Task description » I need every line from the start of the material below up to and including the line containing "REF-49W8F -21422 ---- 4.50", restated exactly, with the pictures omitted.
***** Provided data
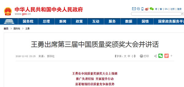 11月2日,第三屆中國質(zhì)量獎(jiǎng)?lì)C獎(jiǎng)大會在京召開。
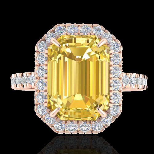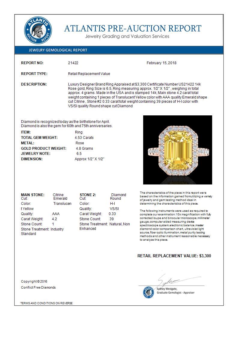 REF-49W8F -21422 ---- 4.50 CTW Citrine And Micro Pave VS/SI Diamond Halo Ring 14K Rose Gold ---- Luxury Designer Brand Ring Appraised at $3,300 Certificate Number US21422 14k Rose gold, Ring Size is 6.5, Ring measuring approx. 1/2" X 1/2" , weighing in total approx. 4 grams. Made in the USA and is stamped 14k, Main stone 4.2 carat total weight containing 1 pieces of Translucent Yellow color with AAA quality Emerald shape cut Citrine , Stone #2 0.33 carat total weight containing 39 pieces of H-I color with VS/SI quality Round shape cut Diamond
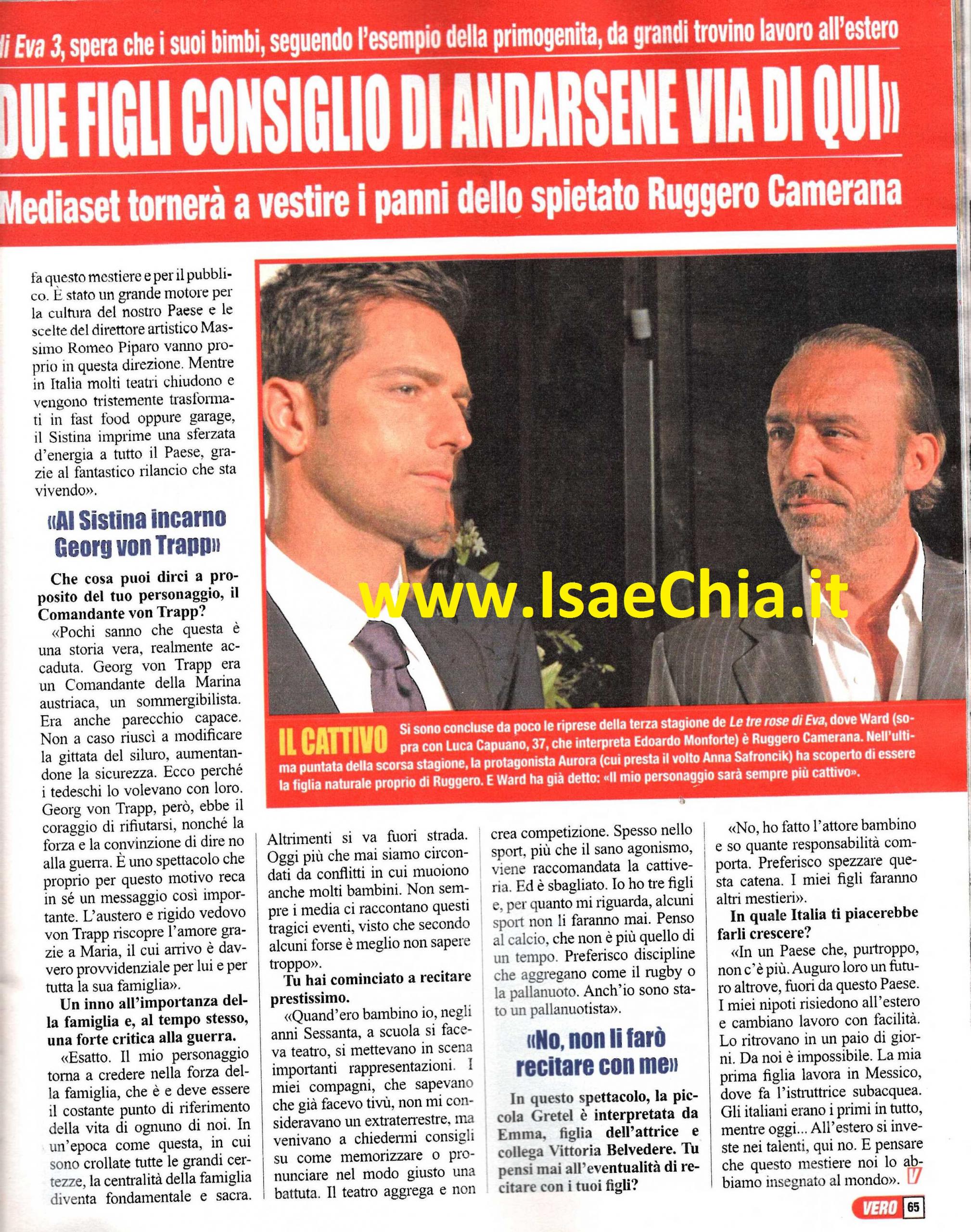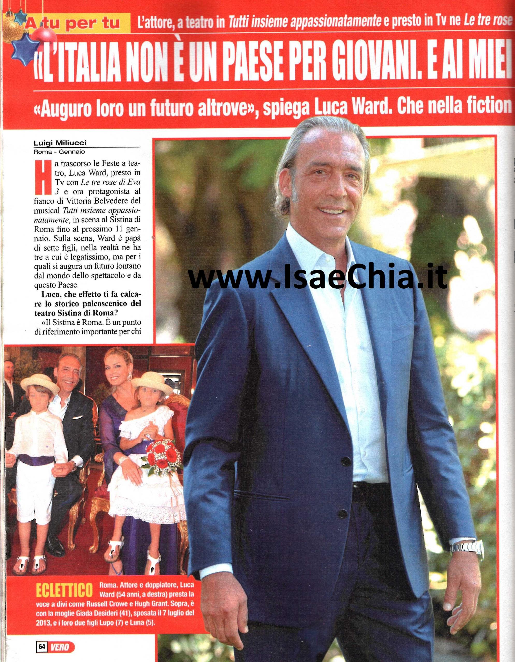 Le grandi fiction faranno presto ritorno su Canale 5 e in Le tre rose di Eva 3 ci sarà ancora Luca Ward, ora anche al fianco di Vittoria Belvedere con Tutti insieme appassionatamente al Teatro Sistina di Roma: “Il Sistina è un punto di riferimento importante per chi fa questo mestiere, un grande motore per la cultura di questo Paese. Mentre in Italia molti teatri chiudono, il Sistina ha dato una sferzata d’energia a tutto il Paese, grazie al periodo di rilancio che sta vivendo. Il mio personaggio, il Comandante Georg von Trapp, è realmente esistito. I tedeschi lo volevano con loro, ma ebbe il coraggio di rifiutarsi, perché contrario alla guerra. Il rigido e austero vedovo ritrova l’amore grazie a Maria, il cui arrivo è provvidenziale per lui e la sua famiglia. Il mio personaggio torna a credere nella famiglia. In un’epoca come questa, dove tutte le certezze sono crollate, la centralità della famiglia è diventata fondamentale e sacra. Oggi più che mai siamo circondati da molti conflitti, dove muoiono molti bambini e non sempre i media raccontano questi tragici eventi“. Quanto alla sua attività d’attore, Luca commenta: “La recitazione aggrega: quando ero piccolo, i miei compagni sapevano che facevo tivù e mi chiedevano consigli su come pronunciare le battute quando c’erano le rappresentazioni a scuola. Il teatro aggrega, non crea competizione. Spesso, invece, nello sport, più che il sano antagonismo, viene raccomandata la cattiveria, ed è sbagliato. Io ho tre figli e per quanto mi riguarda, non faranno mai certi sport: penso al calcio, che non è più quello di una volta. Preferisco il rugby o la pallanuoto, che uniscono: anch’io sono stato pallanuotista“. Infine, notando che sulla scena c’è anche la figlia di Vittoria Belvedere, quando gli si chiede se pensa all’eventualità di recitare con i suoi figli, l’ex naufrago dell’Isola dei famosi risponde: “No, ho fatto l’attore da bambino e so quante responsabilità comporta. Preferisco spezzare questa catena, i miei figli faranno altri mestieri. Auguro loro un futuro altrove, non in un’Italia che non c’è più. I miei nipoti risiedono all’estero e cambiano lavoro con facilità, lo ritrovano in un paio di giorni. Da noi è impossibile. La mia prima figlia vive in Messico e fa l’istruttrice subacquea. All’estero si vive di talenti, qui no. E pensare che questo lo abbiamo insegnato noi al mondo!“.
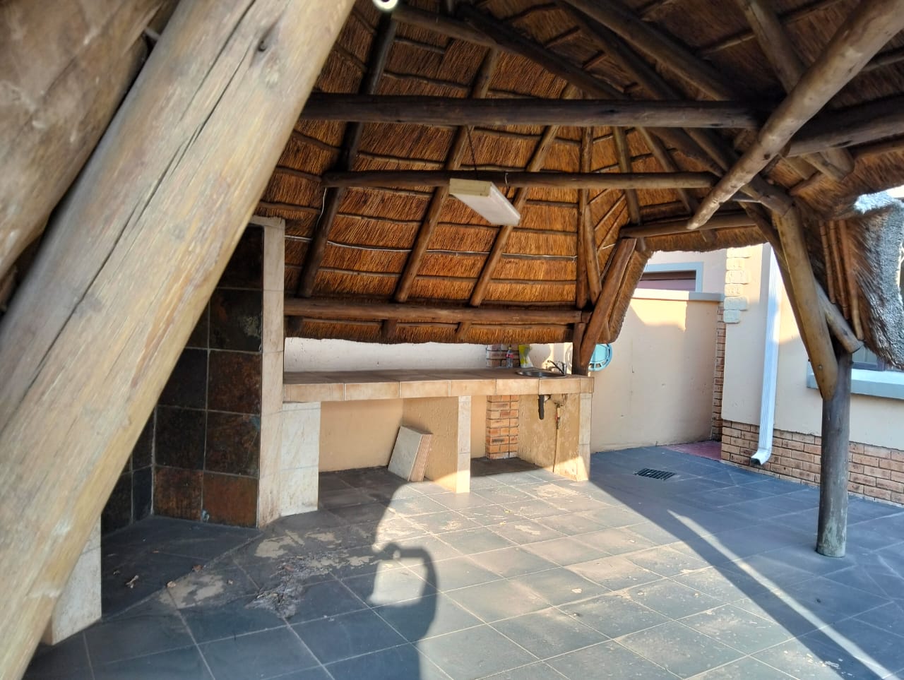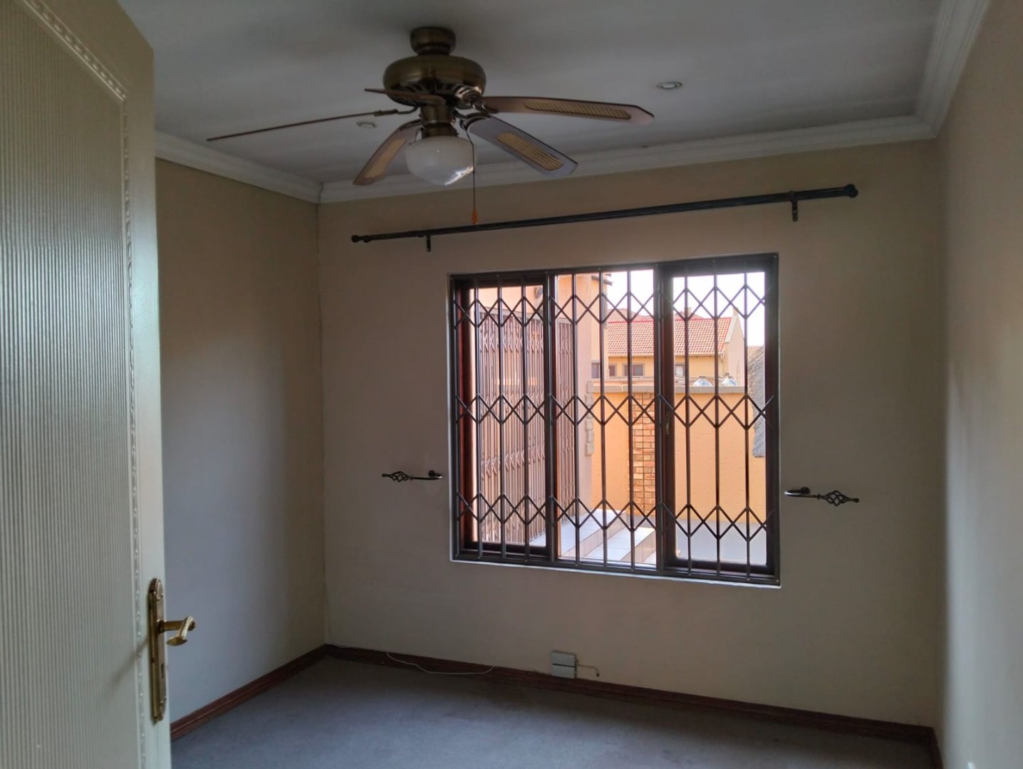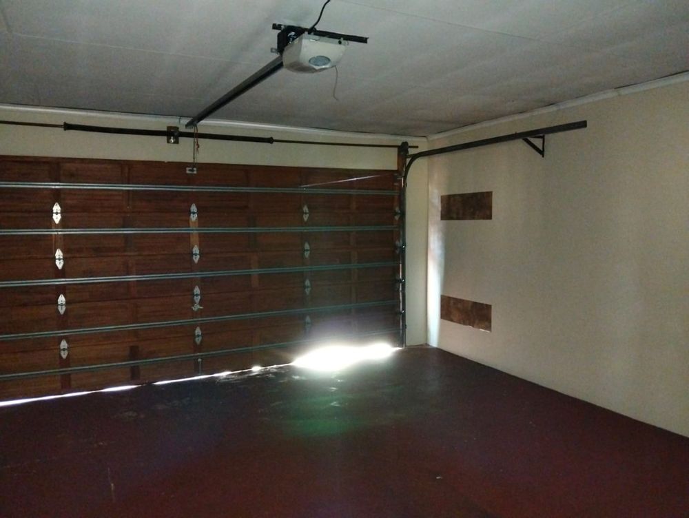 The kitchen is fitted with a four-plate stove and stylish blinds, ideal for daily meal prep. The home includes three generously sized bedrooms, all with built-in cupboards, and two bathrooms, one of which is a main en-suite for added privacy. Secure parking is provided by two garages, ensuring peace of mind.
**********
Solution to this exercise »
 11月2日,第三屆中國質(zhì)量獎(jiǎng)?lì)C獎(jiǎng)大會在京召開。
 REF-49W8F -21422 ---- 4.50 CTW Citrine And Micro Pave VS/SI Diamond Halo Ring 14K Rose Gold ---- Luxury Designer Brand Ring Appraised at $3,300 Certificate Number US21422 14k Rose gold, Ring Size is 6.5, Ring measuring approx. 1/2" X 1/2" , weighing in total approx. 4 grams. Made in the USA and is stamped 14k, Main stone 4.2 carat total weight containing 1 pieces of Translucent Yellow color with AAA quality Emerald shape cut Citrine , Stone #2 0.33 carat total weight containing 39 pieces of H-I color with VS/SI quality Round shape cut Diamond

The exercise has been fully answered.